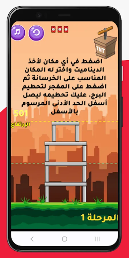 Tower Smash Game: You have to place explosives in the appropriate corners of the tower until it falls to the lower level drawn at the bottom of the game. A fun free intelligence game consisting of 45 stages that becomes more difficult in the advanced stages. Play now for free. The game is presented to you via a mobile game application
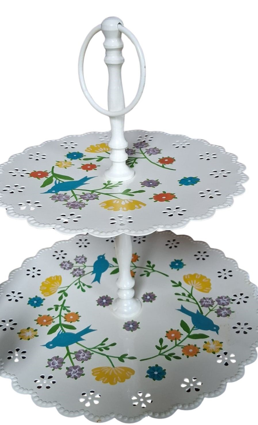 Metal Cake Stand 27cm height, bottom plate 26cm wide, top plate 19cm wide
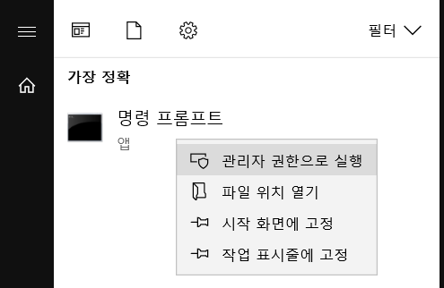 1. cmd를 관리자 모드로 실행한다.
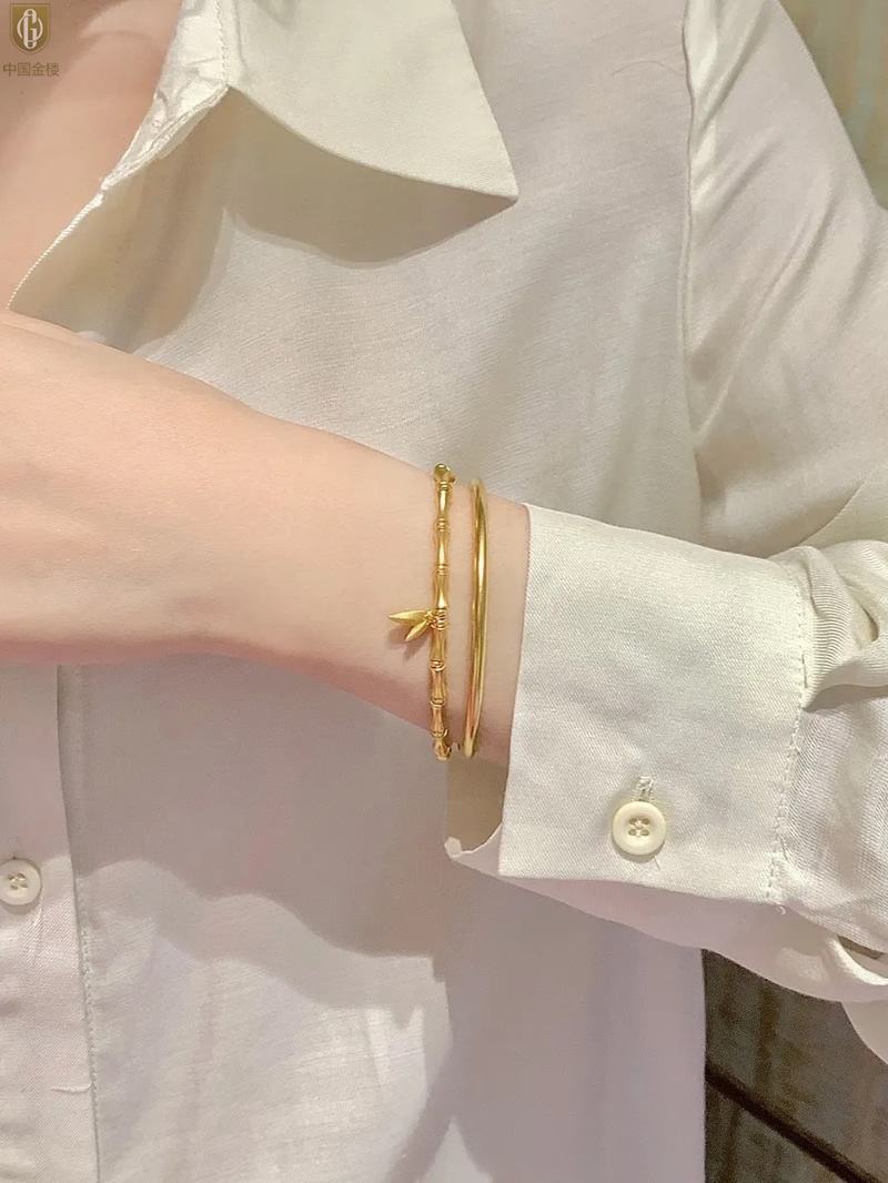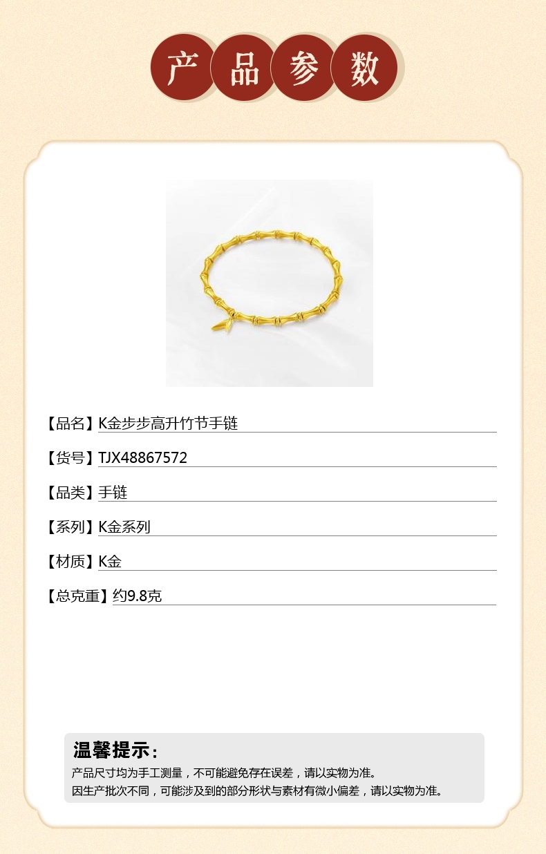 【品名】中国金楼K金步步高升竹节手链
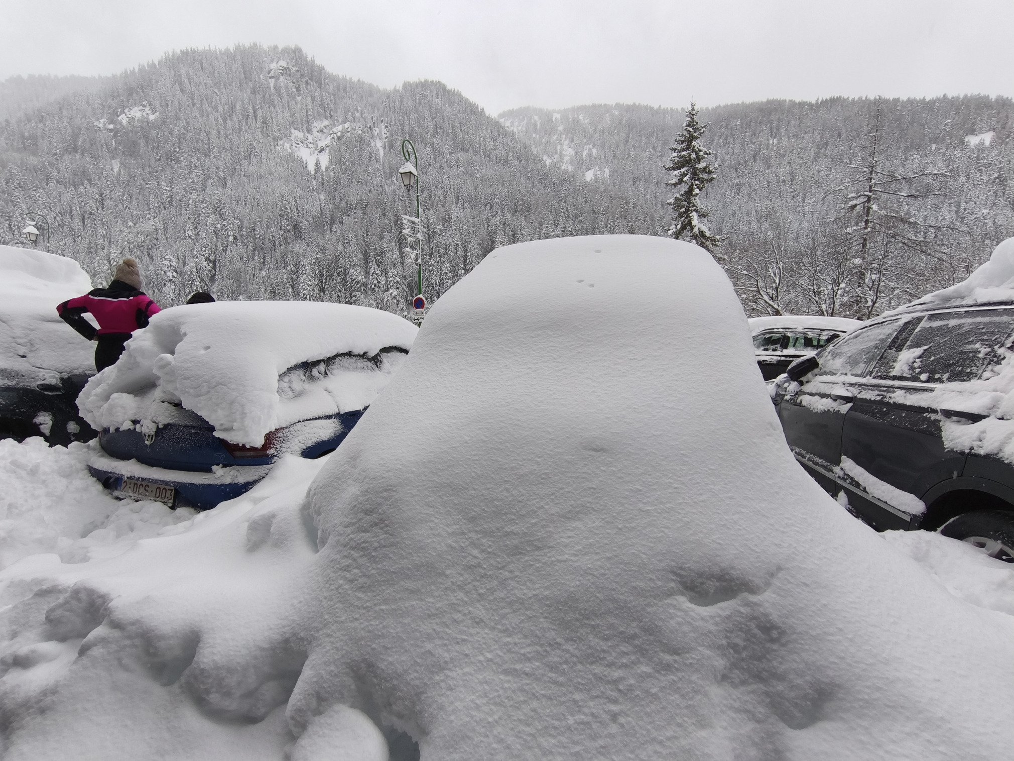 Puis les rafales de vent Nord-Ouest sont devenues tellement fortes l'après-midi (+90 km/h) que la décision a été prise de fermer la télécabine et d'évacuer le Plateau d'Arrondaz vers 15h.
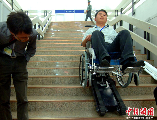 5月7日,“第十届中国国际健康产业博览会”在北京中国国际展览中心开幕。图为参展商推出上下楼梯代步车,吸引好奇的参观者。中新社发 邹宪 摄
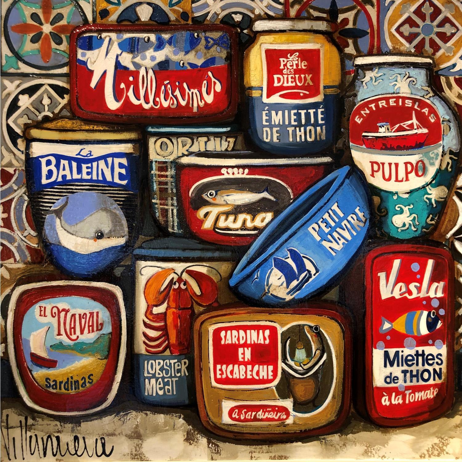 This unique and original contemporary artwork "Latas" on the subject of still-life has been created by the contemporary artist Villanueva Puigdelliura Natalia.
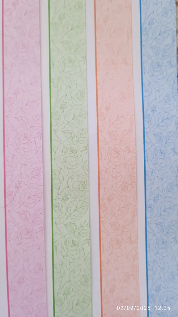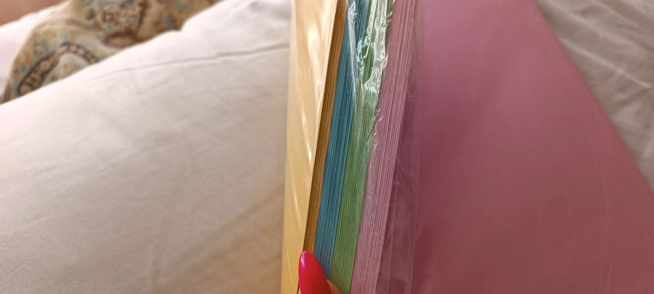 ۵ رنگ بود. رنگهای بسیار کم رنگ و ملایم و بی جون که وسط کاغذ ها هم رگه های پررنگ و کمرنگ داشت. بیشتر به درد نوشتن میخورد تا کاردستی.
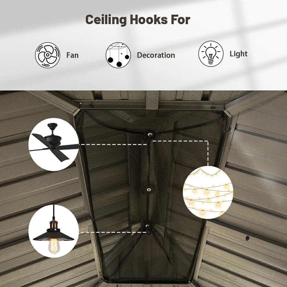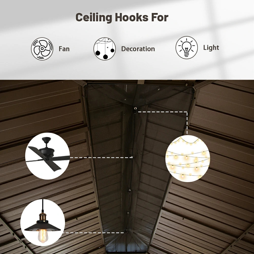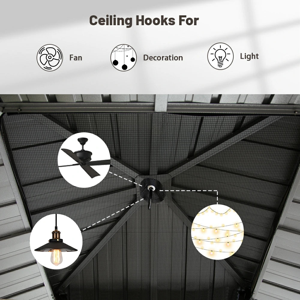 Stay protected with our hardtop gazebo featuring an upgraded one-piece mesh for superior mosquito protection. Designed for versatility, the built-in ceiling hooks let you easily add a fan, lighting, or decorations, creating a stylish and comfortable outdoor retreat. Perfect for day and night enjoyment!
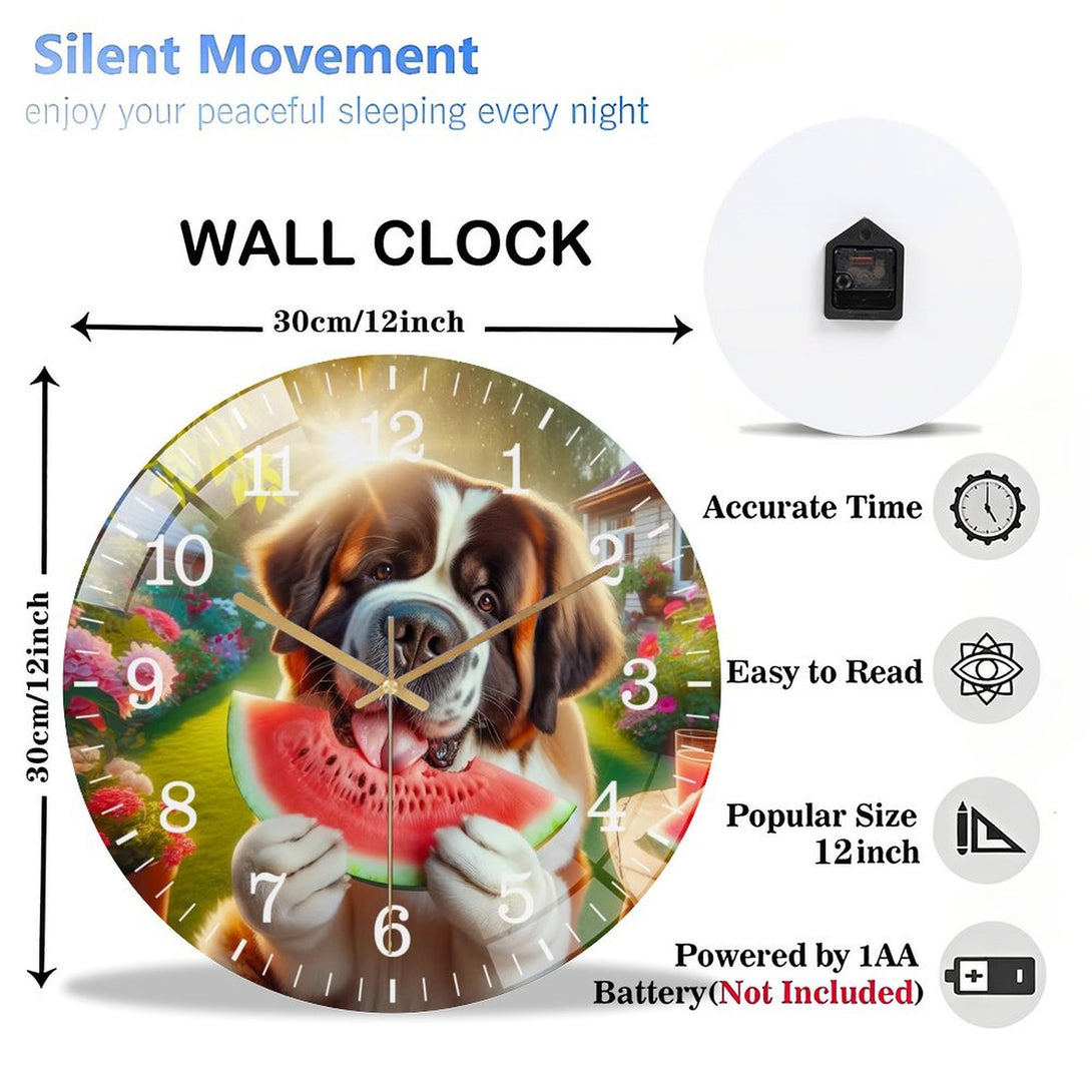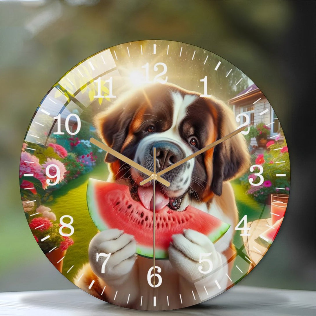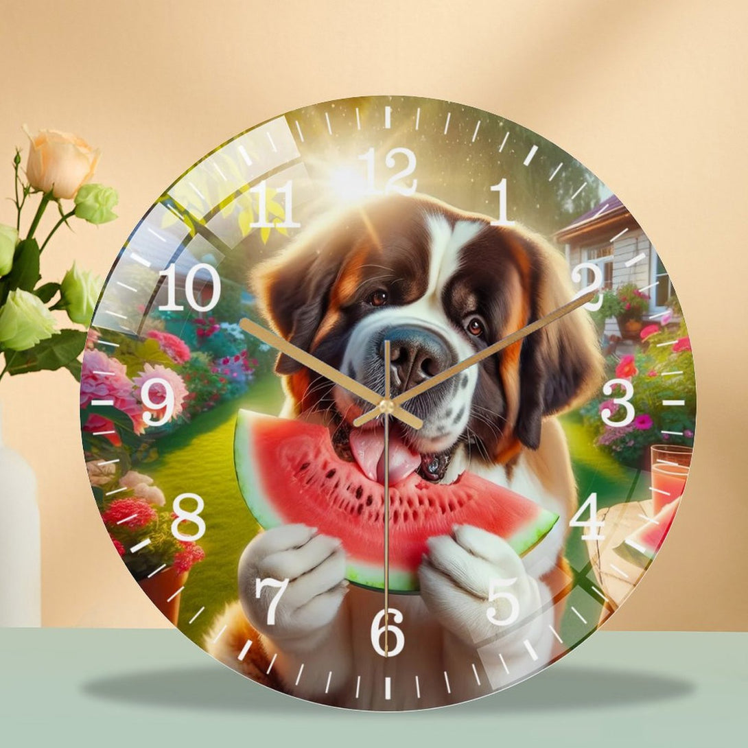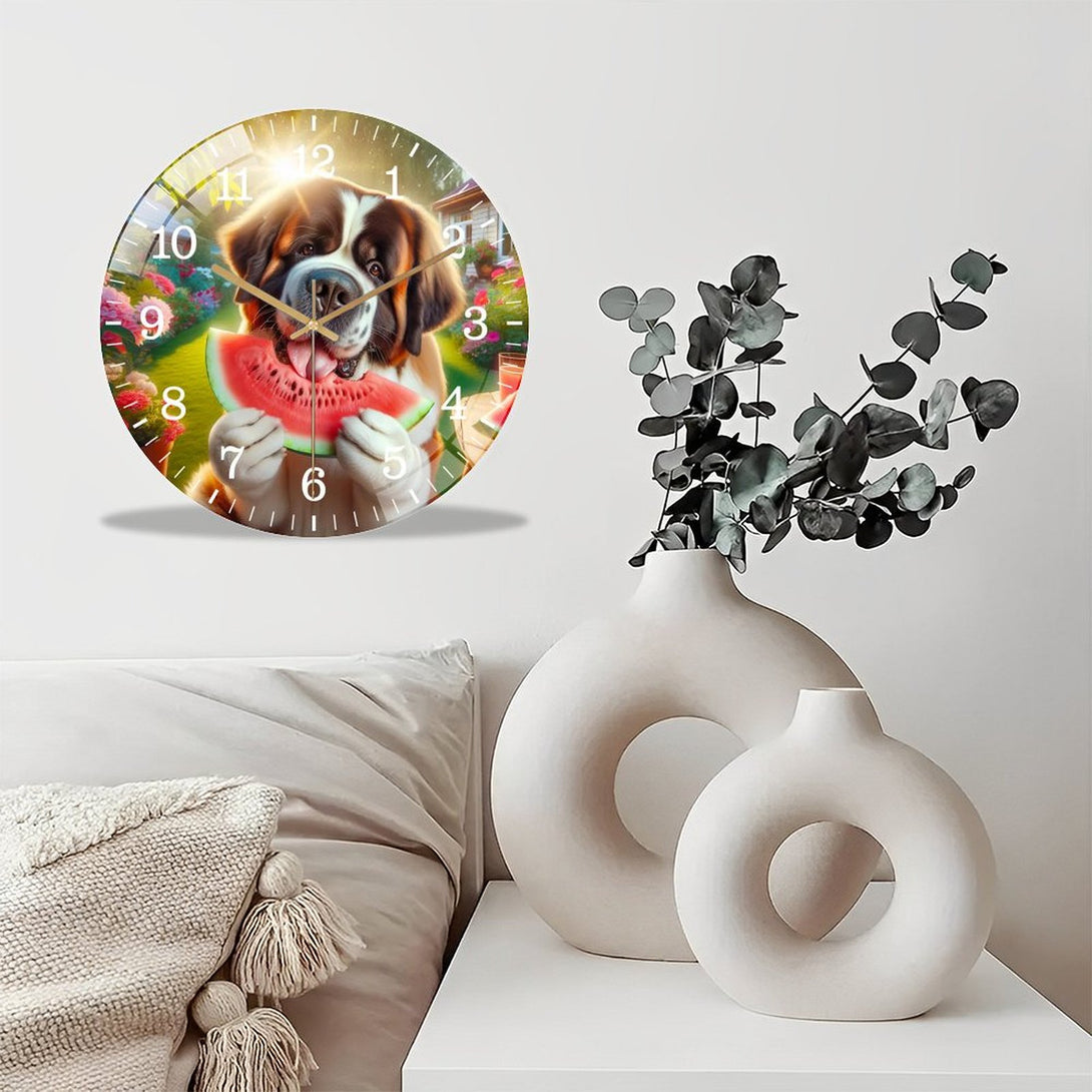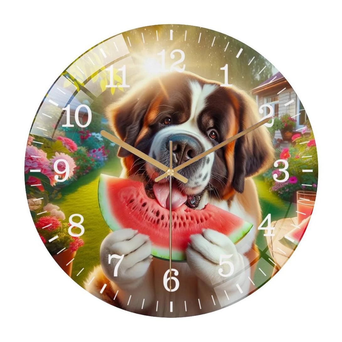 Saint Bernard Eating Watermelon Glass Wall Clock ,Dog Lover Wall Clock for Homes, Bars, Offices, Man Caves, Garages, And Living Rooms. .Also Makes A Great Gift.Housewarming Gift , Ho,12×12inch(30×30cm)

....

The entries are to be written out in full and exactly, apart from the pictures.

ANSWER BOX:
 Tower Smash Game: You have to place explosives in the appropriate corners of the tower until it falls to the lower level drawn at the bottom of the game. A fun free intelligence game consisting of 45 stages that becomes more difficult in the advanced stages. Play now for free. The game is presented to you via a mobile game application
 Metal Cake Stand 27cm height, bottom plate 26cm wide, top plate 19cm wide
 1. cmd를 관리자 모드로 실행한다.
 【品名】中国金楼K金步步高升竹节手链
 Puis les rafales de vent Nord-Ouest sont devenues tellement fortes l'après-midi (+90 km/h) que la décision a été prise de fermer la télécabine et d'évacuer le Plateau d'Arrondaz vers 15h.
 5月7日,“第十届中国国际健康产业博览会”在北京中国国际展览中心开幕。图为参展商推出上下楼梯代步车,吸引好奇的参观者。中新社发 邹宪 摄
 This unique and original contemporary artwork "Latas" on the subject of still-life has been created by the contemporary artist Villanueva Puigdelliura Natalia.
 ۵ رنگ بود. رنگهای بسیار کم رنگ و ملایم و بی جون که وسط کاغذ ها هم رگه های پررنگ و کمرنگ داشت. بیشتر به درد نوشتن میخورد تا کاردستی.
 Stay protected with our hardtop gazebo featuring an upgraded one-piece mesh for superior mosquito protection. Designed for versatility, the built-in ceiling hooks let you easily add a fan, lighting, or decorations, creating a stylish and comfortable outdoor retreat. Perfect for day and night enjoyment!
 Saint Bernard Eating Watermelon Glass Wall Clock ,Dog Lover Wall Clock for Homes, Bars, Offices, Man Caves, Garages, And Living Rooms. .Also Makes A Great Gift.Housewarming Gift , Ho,12×12inch(30×30cm)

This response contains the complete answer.